Similarly, we found that IED between PG themselves were significantly smaller than those between PGS and the random gene sets (Figure 3E and F). The result indicates that the nine PGS are not spatially loose, but rather closely connected. Simultaneously, we also found that IED between PGS and the four other gene sets were significantly smaller than those of PGS themselves. One possible reason was that they were derived from different cancer types. Among them, we found that IED between PG and CA or MA was smaller than the other two gene sets, which may suggest that PGS is more closely related to cancer (Figure S1A and B). In addition, we can easily see that whether it was IAD and IED, the distances in the String network were smaller compared to the HPRD network.

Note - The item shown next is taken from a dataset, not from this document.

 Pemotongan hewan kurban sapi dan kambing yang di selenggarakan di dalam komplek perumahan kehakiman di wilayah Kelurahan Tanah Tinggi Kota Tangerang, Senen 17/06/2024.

Next, we used genset-distribution in modules (GDM) to investigate the distribution of PGS within and between modules of network. Figure 3G and H shows that GDM of nine PGS are significantly larger than random in both networks, demonstrating that they are more likely to be distributed within the module. We also found that GDM of MA were the largest of the four other gene sets, and a change in the relative position of CA and HK in the two networks. This may be due to the different modules that were derived from different networks, and the complexity of gene sets themselves.

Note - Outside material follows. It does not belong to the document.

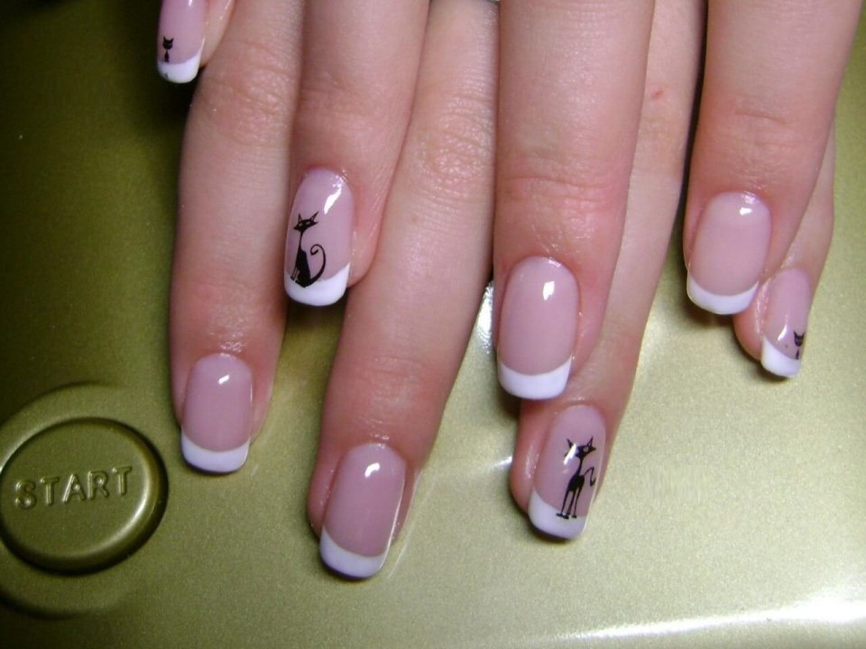Красивый французский маникюр с рисунком на небольшие ногти (51 фото)

Functional analysis of prognostic gene sets. We performed functional enrichment analysis for nine PGS based on GO terms and KEGG pathways database using Fisher test. However, more than half of the gene sets were not enriched with any significant functional terms. Genes with same or similar functions are more inclined to be in the same module of a network [29]. We then examined functions of network modules with two or more PGS. Interestingly, when we compared these functions of the modules from different networks, we found that the intersections of their functions were mostly related to cancer. Figure 4 shows the intersection of the function of module #4 of the String network and module #5 and #7 of the HPRD network. Most of functional terms could be attributed to hallmarks of cancer [30]. They included “Extracellular matrix organization”, “Leukocyte migration”, “Collagen metabolic process”, “Transforming growth factor beta receptor signaling pathway”, etc. In particular, among them, “extracellular matrix organization”was the most significant GO term. Researchers have found that its remodeling directly affects tumor growth, development, and progression[31]. And “transforming growth factor beta” (TGF-β), the main pathway of another functional terms, have been evaluated as prognostic or predictive markers for cancer patients [32]( the lower half of Figure 4).